"""
This module contains functions for the propagation of uncertainties through
the application of a digital filter using the GUM approach.
This modules contains the following functions:
* :func:`FIRuncFilter`: Uncertainty propagation for signal y and uncertain FIR
filter theta
* :func:`IIRuncFilter`: Uncertainty propagation for the signal x and the uncertain
IIR filter (b,a)
* :func:`IIR_get_initial_state`: Get a valid internal state for :func:`IIRuncFilter`
that assumes a stationary signal before the first value.
.. note:: The Elster-Link paper for FIR filters assumes that the autocovariance
is known and that noise is stationary!
"""
import warnings
import numpy as np
from scipy.linalg import solve, solve_discrete_lyapunov, toeplitz
from scipy.signal import convolve, dimpulse, lfilter, lfilter_zi
from ..misc.tools import trimOrPad
__all__ = ["FIRuncFilter", "IIRuncFilter", "IIR_get_initial_state"]

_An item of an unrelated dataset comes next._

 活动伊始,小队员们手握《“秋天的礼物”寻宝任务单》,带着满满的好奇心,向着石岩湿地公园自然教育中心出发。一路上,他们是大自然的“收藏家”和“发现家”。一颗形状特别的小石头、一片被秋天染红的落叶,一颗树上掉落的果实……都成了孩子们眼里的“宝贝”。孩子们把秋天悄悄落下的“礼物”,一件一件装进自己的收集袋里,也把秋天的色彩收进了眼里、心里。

def _fir_filter(x, theta, Ux=None, Utheta=None, initial_conditions="constant"):
"""Uncertainty propagation for signal x with covariance Ux
and uncertain FIR filter theta with covariance Utheta.
If either Ux or Utheta are omitted (None), then corresponding terms are not
calculated to reduce computation time.
Parameters
----------
x : np.ndarray
filter input signal
theta : np.ndarray
FIR filter coefficients
Ux : np.ndarray, optional
covariance matrix associated with x
if the signal is fully certain, use `Ux = None` (default) to make use of more efficient calculations.

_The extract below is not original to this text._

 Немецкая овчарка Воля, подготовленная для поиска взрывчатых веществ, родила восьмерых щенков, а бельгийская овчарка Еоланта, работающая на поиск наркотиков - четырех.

Utheta : np.ndarray, optional
covariance matrix associated with theta. If the filter is fully certain,
do not provide Utheta to make use of more efficient calculations.
see also the comparison given in <examples\Digital filtering\FIRuncFilter_runtime_comparison.py>
initial_conditions : str, optional
- "constant": assume signal + uncertainty are constant before t=0 (default)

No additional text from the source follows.